We zijn te intellectueel
Kinderen zouden eigenlijk een vacht moeten hebben. En een opponeerbare duim aan hun voeten. Dan zouden we veel minder gemakkelijk vergeten dat het eigenlijk aapjes zijn en dat we dus ook als apen met ze moeten communiceren om echt tot ze door te dringen.
Het is namelijk erg verleidelijk om op het intellect gericht te zijn als we tegen kinderen praten. Ze zien er ook verraderlijk menselijk uit! Vooral als je zelf een weldenkend en hoogopgeleid persoon bent, moet je oppassen dat je je kroost niet teveel voor redelijke wezens houdt, omdat ze zich af en toe best normaal kunnen gedragen. Want vergis je niet, het zijn gewoon rechtoplopende aapjes met kleren aan!

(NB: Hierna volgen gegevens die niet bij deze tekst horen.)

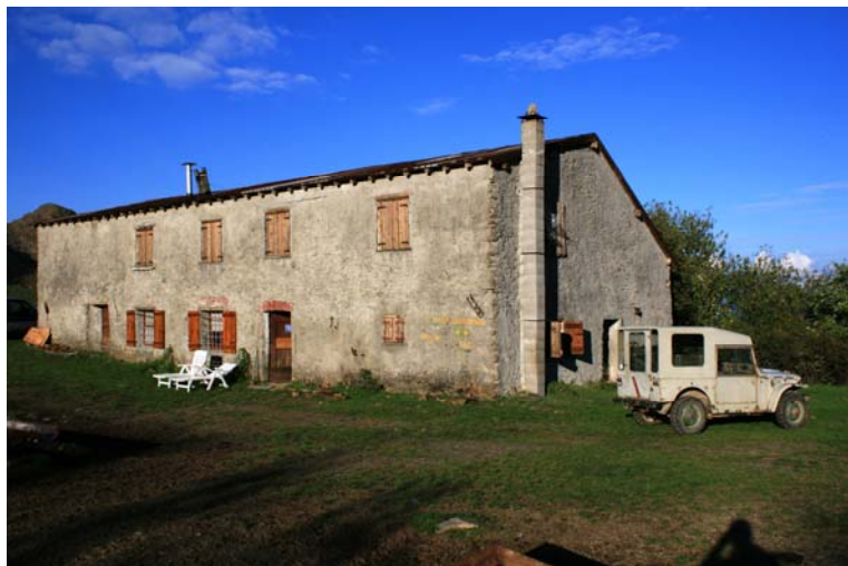
Casa Carossina (834 m), dopo circa 1h15m (da Preadoga)

Kinderen zien er verraderlijk menselijk uit!
Drama in drie akten
Stel dat je hummel van drie de kat probeert toe te takelen met zijn houten zwaard. Hij denkt dat hij een ridder is die een draak moet doden. Normaal gedrag voor een peuter, maar als ouder met verantwoordelijkheidsgevoel moet je op zo’n moment ingrijpen.
Als je heel redelijk ingesteld bent, zeg je vanaf de bank en met een begripvolle stem en een vriendelijk gezicht: ‘Lieverd, doe dat maar niet, dat vindt de poes niet leuk’. Prima boodschap waar inhoudelijk geen speld tussen te krijgen valt: het is inderdaad beter als de kat niet toegetakeld wordt en het is voor je kind goed om te leren dat ook dieren gevoelens hebben. Maar wat komt er bij het apenjong binnen?

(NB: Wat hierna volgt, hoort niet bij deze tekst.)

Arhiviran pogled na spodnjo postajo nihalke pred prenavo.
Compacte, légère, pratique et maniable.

Die denkt: ‘Papa/mama kijkt lief naar me, houdt me niet tegen en zegt iets met een fijne stem. Het is dus oké wat ik doe!’ en gaat vervolgens lekker verder. Arme poes.
Nu raak je een beetje geïrriteerd door deze ongehoorzaamheid en je zegt iets stelliger: ‘Hou daarmee op, want anders pak ik je zwaardje af’. Een redelijke maatregel in zo’n situatie. Niets mis mee. Maar de aap ís niet redelijk. Die is alleen verbaasd over de plotselinge irritatie in de stem die net nog zo lief had geklonken. ‘Misschien doe ik iets verkeerd, maar wat? Eens even uittesten of het met de poes te maken heeft’, denkt deze en haalt weer uit met zijn zwaard.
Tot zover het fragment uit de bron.